▸ **Given data**

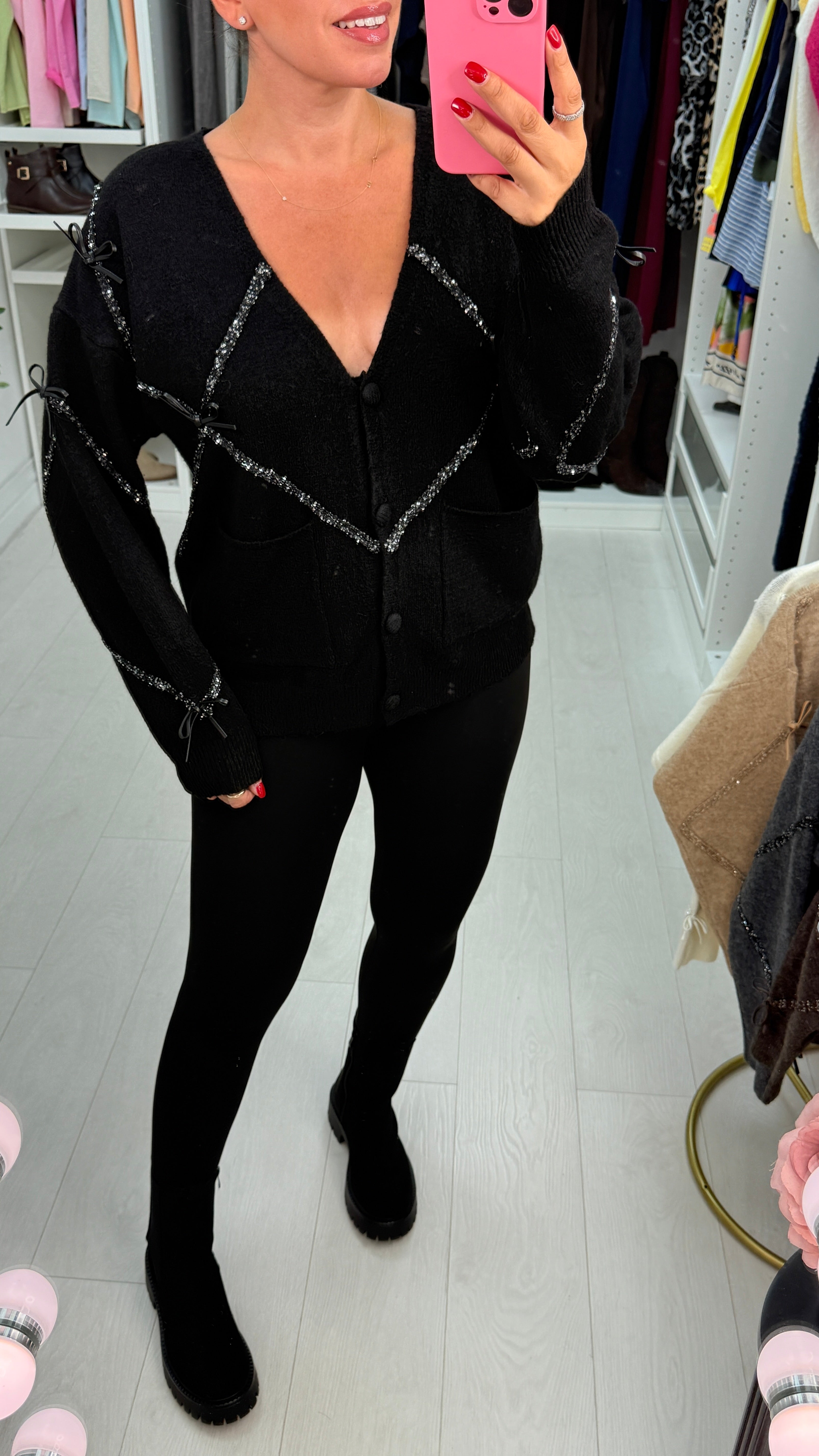 The Jayde Bow Detail Super Soft Cardigan offers unmatched comfort with its luxuriously soft fabric and long sleeves finished with ribbed cuffs for a perfect fit. Featuring elegant sequin and bow details, this button-front cardigan adds a subtle sparkle to your outfit. Practical pockets complete the design, making it both stylish and functional for everyday wear. Elevate your look with this charming and cozy essential.
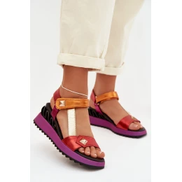 Kožené dámské sandály na platformě model 22028030 Multikolor - D&A
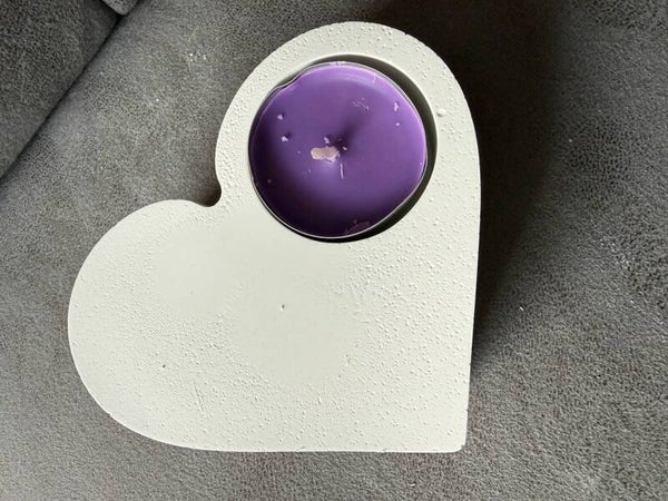 Ein Herz, das Licht schenkt: Unser handgegossener Teelichthalter in Herzform sorgt für eine warme, natürliche Atmosphäre.
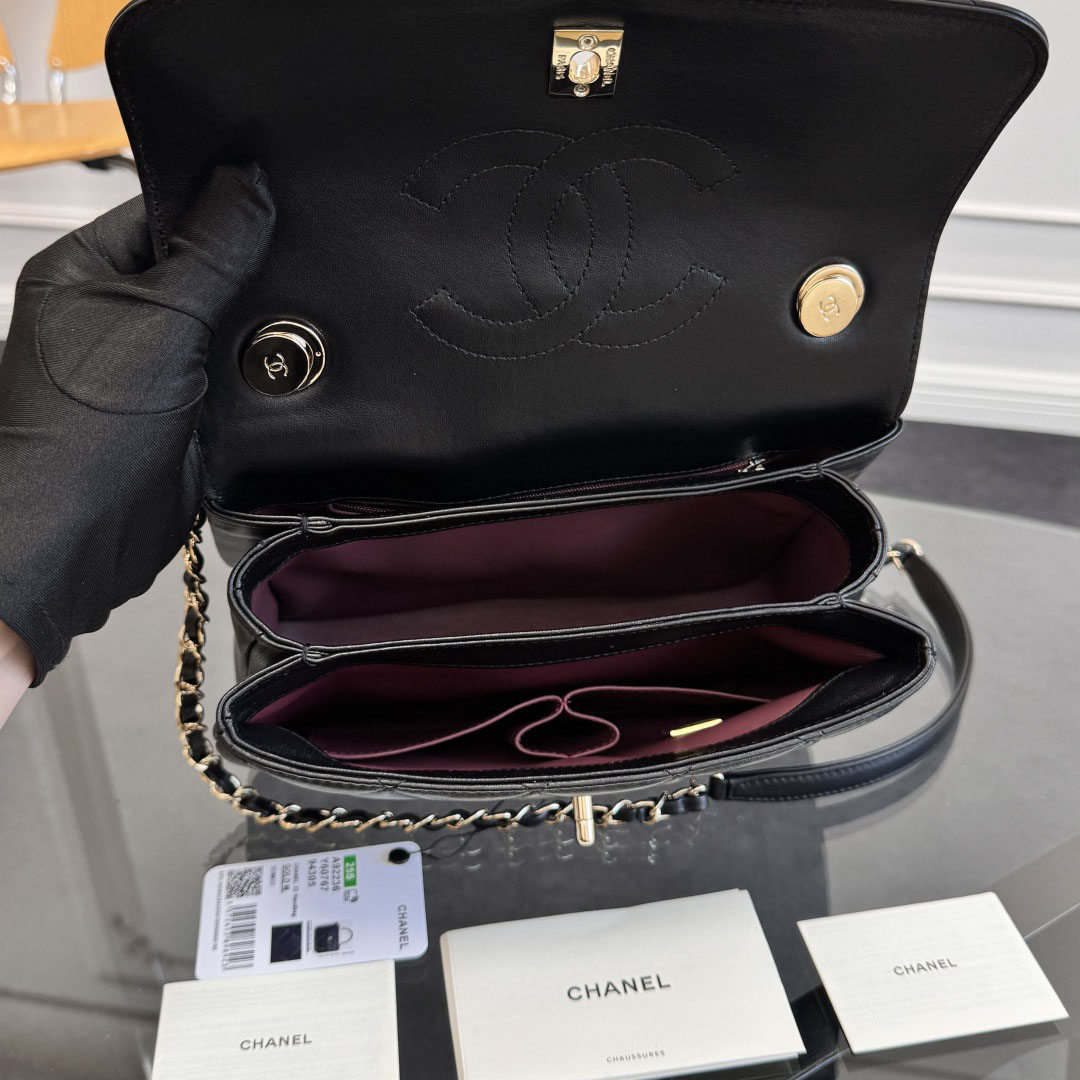 Chanel Sheepskin black gold button handbag crossbody bag

▸ **Aim of the task**
When you repeat the listing, keep it exact and leave the pictures behind.

▸ **Answer space**
 The Jayde Bow Detail Super Soft Cardigan offers unmatched comfort with its luxuriously soft fabric and long sleeves finished with ribbed cuffs for a perfect fit. Featuring elegant sequin and bow details, this button-front cardigan adds a subtle sparkle to your outfit. Practical pockets complete the design, making it both stylish and functional for everyday wear. Elevate your look with this charming and cozy essential.
 Kožené dámské sandály na platformě model 22028030 Multikolor - D&A
 Ein Herz, das Licht schenkt: Unser handgegossener Teelichthalter in Herzform sorgt für eine warme, natürliche Atmosphäre.
 Chanel Sheepskin black gold button handbag crossbody bag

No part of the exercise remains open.